UPDATED 09:24 EDT / MAY 26 2014

Converged infrastructure: Balancing standardization + flexibility  | #EMCworld

balanced converged infrastructure yin yangThere’s far more to converged infrastructure than just bundling individual hardware components together, according to Gary Garcia, the director of global solutions marketing for EMC’s VSPEX line of pre-integrated reference architectures. Appearing on SiliconANGLE’s theCUBE at the storage stalwart’s recently concluded customer show in Las Vegas, he made it clear that the focus lies much farther up the stack for his company.

When VSPEX debuted in April 2012, it was greeted with caution in the ecosystem and confusion by customers, many of whom were initially skeptical about the impact of the launch on EMC’s place in marketplace and the future of its relations with Cisco. But despite the bumpy start,  Garcia tells theCUBE host Stu Miniman that the product series has succeeded in capturing CIOs’ attention.  The rapidly accelerating adoption of converged infrastructure is a  clear sign that the underlying value proposition is resonating with enterprises.

It’s not that hard to see why.  By combining storage and compute in a unified whole that stands as an independent platform in its own right, the technology makes it possible to achieve the elusive balance between standardization and flexibility that IT organizations are being increasingly pressured to deliver. This degree of agility wasn’t always possible, Garcia reflects.

“Way back in the mid-’90s, people were trying to do converged infrastructure but it was difficult because a lot of the technologies hadn’t matured enough to play well together,” he notes. “With the advent of visualization, it is much easier for technologies to play well together.” That affords a whole new level of simplicity that is disrupting how data centers are built and maintained, changing the role of the channel in the process.

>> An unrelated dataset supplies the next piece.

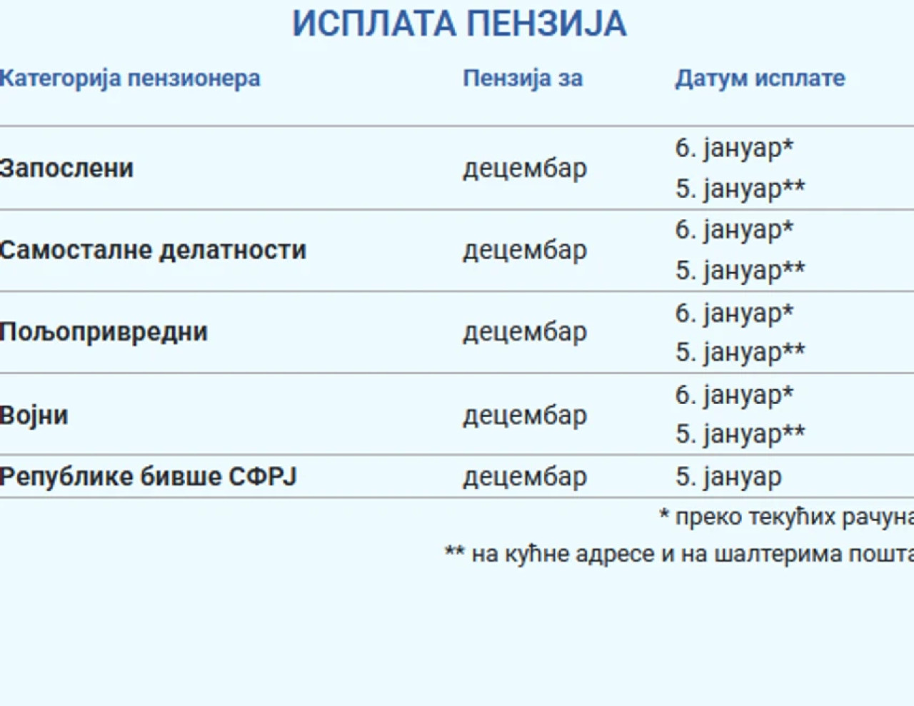 Penzioneri iz kategorije zaposlenih dobiće penzije tog dana na šalterima pošte, dok će isplata na tekuće račune biti 6. januara.
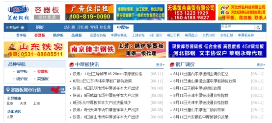 网页端口:网站广告包括:中厚板页面、普中板、容器板、锅炉板、 高强板、桥梁板、中厚板快讯、中厚板市场价格、中厚板结算价格、中厚板锁价政策、中厚板价格分析、中厚板每周盘点、中厚板市场行情、中厚板价格、中厚板库存等;

Historically, value-added resellers didn’t have much choice besides cobbling together solutions on their own, a formidable task that Garcia says takes up resources better spent developing new ways to differentiate from the competition.  He claims that the VSPEX family provides a faster and less complicated alternative through a selection of nearly 30 reference architectures that can be customized to meet the specific needs of customers.

“There’s a place for a more packaged solution and some people need that, but if you need something that is tailor made to a customer’s applications while reducing the [associated] risk using all the experience in the market and playing well with what’s in a customer’s data center, you can’t beat VSPEX,” Garcia boasts.

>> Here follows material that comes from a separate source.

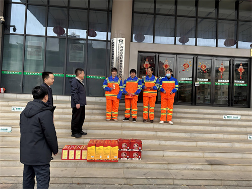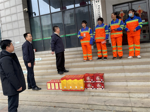 2月2日,广西省武宣县委书记雷应天一行来到武宣县鞍山路街道,慰问节日期间坚守环卫一线的我司武宣项目部员工。期间,雷书记为我司员工送来新春祝福和慰问礼品,并与他们亲切交谈、嘘寒问暖,尤其是对他们坚守岗位、默默奉献的精神表达了深深谢意。

Solutions for the ecosystem


EMC is  actively working to foster the development of vertical solutions in the ecosystem through its partner program, which helped extend the lineup beyond the scope of its portfolio to include technologies from other vendors. That aggressive approach provides a force multiplier that Garcia says is essential for staying competitive in the current marketplace.

“In the end, you need three things,” he details. “You need to make the solution bigger than any one company can build, you need some method of proving and validating that things work on your platform and then you also need a mechanism to promote the solution and a channel to deliver it to the customer.”

The combination of the three has allowed EMC and its partners to enable a wide range of use cases atop VPLEX, Garcia highlights, with virtual desktop infrastructure (VDI) and the consolidation of existing workloads proving especially popular among users. Increasingly, customers are also deploying greenfield applications on their converged infrastructure in a bid to realize the operational efficiencies offered by the public cloud without the security and governance challenges associated with moving corporate information outside the firewall.